Microsoft Development Center Serbia (MDCS) is Microsoft's first greenfield investment in this part of the world, with its headquarters in Belgrade. It was established in 2005.

MDCS has been evolving as Microsoft's most innovative engineering campus in Europe and is composed of enthusiastic and creative teams and individuals that create Microsoft's pioneering software services and products. Diversity and inclusion are some of the key values of the company. Teams are made of people with various vocational backgrounds, education, cultures, perspectives, and opinions.

== Development Center teams ==
Microsoft Development Center Serbia comprises the following teams:

Azure Data team produces data processing future in Microsoft Cloud. The Azure Data team in Belgrade is proud to own and develop the product called Managed Instance from the beginning to the end. Azure Synapse Analytics is the leading MDCS's modern service for data storage used by everybody, from individual programmers to the world's top companies. The team develops end-to-end management for Service Fabric that is capable of orchestrating millions of containers on thousands of virtual machines.

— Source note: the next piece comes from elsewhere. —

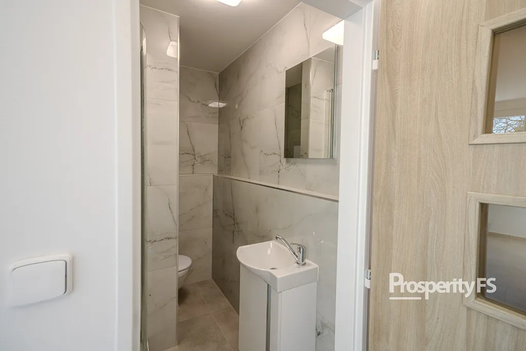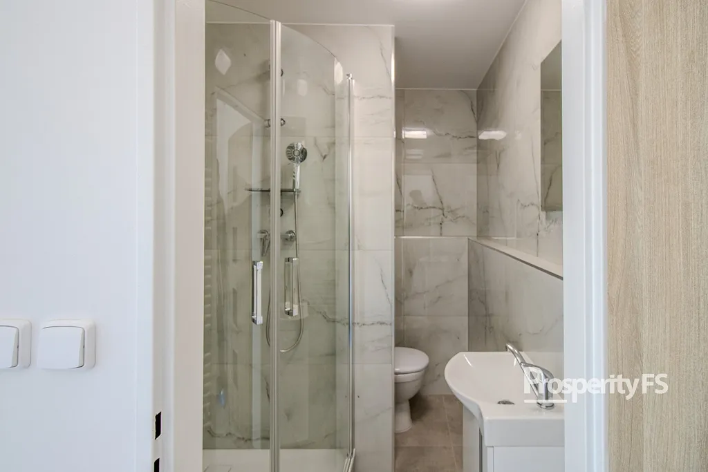 V bytě je nová kuchyňská linka vybavená sporákem se sklokeramickou varnou deskou, troubou a odsavačem par. V kuchyni je také příprava pro připojení pračky. Koupelna nabízí nový sprchový kout, umyvadlo a toaletu.

The office team in Serbia is focused on reviewing and empowering Microsoft Office productivity through user experience and services based on artificial intelligence developed within Office M365 ecosystem. The products such as Microsoft Editor, Similarity Checker, and Word Designer have
been developed in Serbia.

Office Media Groups vision is to empower all Microsoft 365 clients to achieve more with the Office options. OMG team aims to provide all the possibilities for each Microsoft client with tools and experience created to meet their needs as best they can.

Maps team  in Belgrade has the most prominent role in Microsoft's intention to bring closer Open maps to the growing community, using artificial intelligence for sorting specific map characteristics from satellite footage, such as cars, roads, and buildings.

Math team helps students to develop their mathematical skills using the digital mathematical tool via the Microsoft Education portfolio. This work contributes to the more extensive efforts to build an inclusive digital classroom that satisfies all students' needs and helps them develop basic skills, such as reading, writing, mathematics, and communication.

Mixed Reality Serbia is the team looking into the future in which reality has been augmented, so not only physical space is visible, but also digital content/holograms interacting with it. MR aims to enable presence and mutual experience regardless of the physical distance of the people. This future is powered by Microsoft Mesh, and the Belgrade Team contributes to the development of devices, software, and artificial intelligence.

Havok team creates software used by top game development studios worldwide and makes the best-selling games every year.

== Community initiatives ==
Microsoft Development Center Serbia organizes projects thus contributing to the Serbian society and the community where it operates, in cooperation with organizations such as "Digital Serbia", "Loop", numerous faculties, simultaneously empowering technological ecosystem in Serbia through competitions such as "Bubble cup" and initiatives such as "Girls in ICT" which has grown into "Women know IT" where girls and women are empowered to pursue or continue their careers in IT industry.
Those initiatives were led by several notable people like Dragan Tomic, Dejan Cvetkovic and Tanja Tatomirovic.